8. In M.S.M. Sharma v. Krishna Sinha, 1959 Supp (1) SCR 806 , this Court held that a deprivation of personal liberty of any person by a Legislative Assembly of a State in exercise of its power to punish for its contempt is according to a procedure established by Jaw and does not contravene Article 21. Article 194 (3)of the Constitution provides that "the powers, privileges and immunities of a House of the Legislature of a State, and of the members and the committee of a House of such Legislature. shall be such as may from time to time be defined by the Legislature by law, and, until so defined, shall be those of the House of Commons of the Parliament of the United Kingdom, and of its members and committees, at the commencement of this Constitution." Article 194 (3) thus confers on the Legislative Assembly of a State the existing inherent powers enjoyed by the British House of Commons including the power to punish for its contempt. Article 208 (1) empowers the Legislative Assembly to make rules regulating its procedure. As explained in Pandit Sharma's case, 1959 Supp (1) SCR 806 (Supra), these powers and the procedure prescribed by the rules has the sanction of enacted law and an order of committal for contempt of the Assembly is according to procedure established by law. Das. C. J. speaking for four learned Judges said at p. 861 (of Supp SCR) = at 17P 410-411 of AIR) '"Article 194 (3) confers on the Legislative Assembly those powers. privileges and immunities and Article 208 confers power on it to frame rules. The Bihar Legislative Assembly has framed rules in exercise of its powers under that Article. It follows, therefore, that Article 194 (3) read with the rules so framed has laid down the procedure for enforcing powers, privileges and immunities If, therefore, the Legislative Assembly has the powers privileges and immunities of the House of Commons and if the petitioner is eventually deprived of his personal liberty as a result of the proceedings before the Committee of Privileges, such deprivation will be in accordance with procedure established by law and the petitioner cannot complain of the breach, actual or threatened, of his fundamental right under Article 21." Subba Rao, J. in his minority judgment in that case and the Court in Special Reference No.1 of 1964, (1965) 1SCR 413, did not say anything to the contrary on this point.
9. Now the question is whether the inherent power of the High Court is confered by or has the sanction of enacted law. From its very inception, the High Court has possessed and enjoyed its inherent powers including the power to prevent the abuse of the process of any Court within its jurisdiction and to secure the ends of justice.

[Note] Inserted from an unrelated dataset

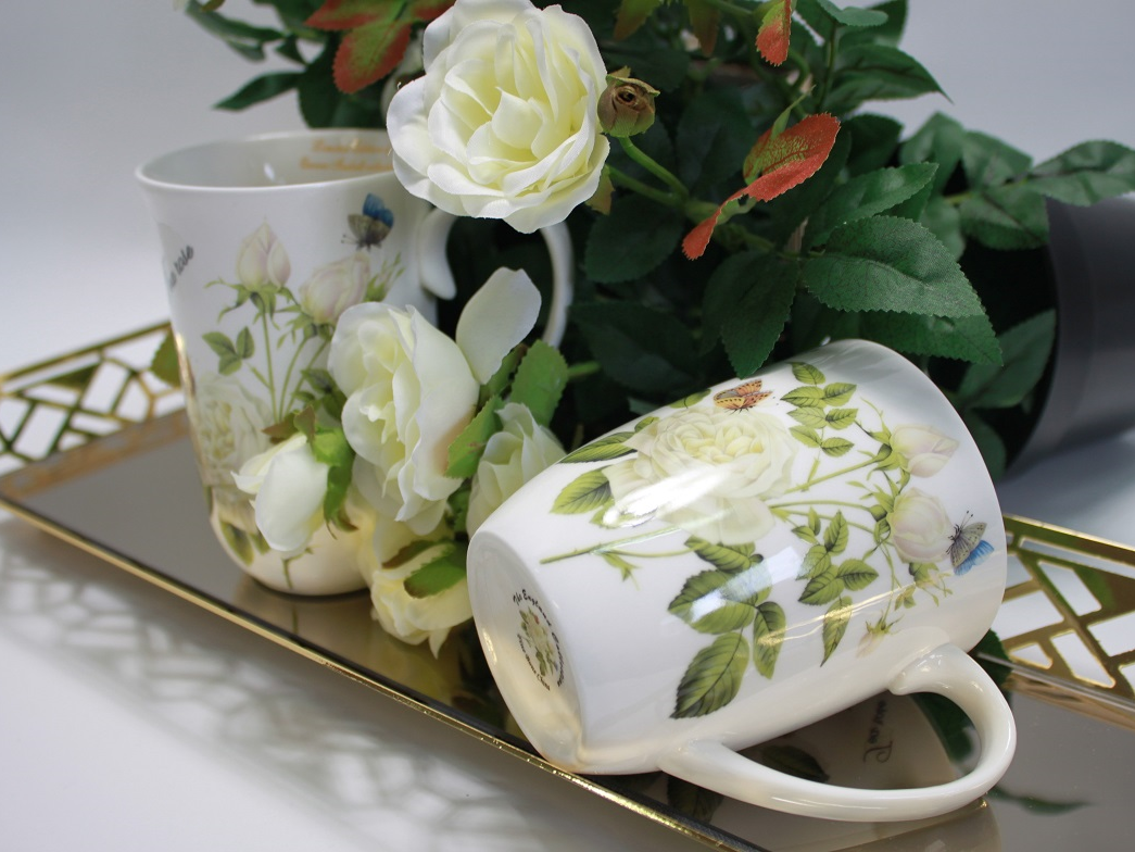 Elegancki kubek o pojemności 400ml to doskonały wybór dla miłośników wysokiej jakości produktów. Wysokiej jakości porcelana kostna bone china zapewnia trwałość i jakość, a ręczne formowanie i wypalanie w specjalnych piecach d odaje im niepowtarzalnego charakteru. W celu zachowania oryginalnego wzoru oraz złotych zdobień zaleca się mycie ręczne użyciem delikatnego detergentu.

These powers inhere in the High Court and spring from its very nature and constitution as a Court of superior jurisdiction All the existing powers of the High Courts were preserved and continued by legislation from time to time.

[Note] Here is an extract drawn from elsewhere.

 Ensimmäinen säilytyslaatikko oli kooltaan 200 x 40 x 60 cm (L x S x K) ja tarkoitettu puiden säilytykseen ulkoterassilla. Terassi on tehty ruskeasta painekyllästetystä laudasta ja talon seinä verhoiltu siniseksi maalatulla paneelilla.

10. Section 561A of the Criminal Procedure Code declared that "nothing in this Code shall he deemed to limit or affect the inherent power of the High Court to make such orders as may be necessary to give effect to any order passed under this Code, or to prevent the abuse of process of any Court or otherwise to secure the ends of justice." The section was inserted in the Code by Act XVIII of 1923 to obviate any doubt that these inherent powers have been taken away by the Code. In terms, the section did not confer any power, it only declared that nothing in the Code shall be deemed to limit or affect the existing inherent powers of the High Court. see King Emperor v. Khwaja Nazir Ahmad. 71 Ind Appl 203 at p. 213 . Then came other enactments which were framed differently. Section 223 of the Government of India Act, 1935, provided
"Subject to the provisions of this Part of this Act, to the provisions of any Order in Council made under this or any other Act and to the provisions of any Act of the appropriate Legislature enacted by virtue of powers conferred on that Legislature by this Act, the jurisdiction of and the law administered, in any existing High Court, and the respective powers of the Judges thereof, in relation to the administration of justice in the Court, including any power to make rules of Court and to regulate the sitting of the Court and of members thereof sitting alone or in divisions Courts, shall be the same as immediately before the commencement of Part 111 of this Act"
The Section enacted that the jurisdiction of the existing High Courts and the powers of the Judges thereof in relation to the administration of justice "shall be" the same as immediately before the commencement of Part III of the Act. 'The statute confirmed and reversted in the High Court all its existing powers and jurisdiction including its inherent powers. Then came the Constitution. Article 225 of the Constitution provides:
"225. Subject to the provisions of this Constitution and to the provisions of any law of the appropriate legislature made by virtue of powers conferred on that Legislature by this Constitution, the jurisdiction of, and the law administered in, any existing High Court, and the respective powers of the Judges thereof in relation to the administration of justice in the Court, including any power to make rules of Court and to regulate the sittings alone or in Division Courts, shall be the same as immediately before the commencement of this Constitution."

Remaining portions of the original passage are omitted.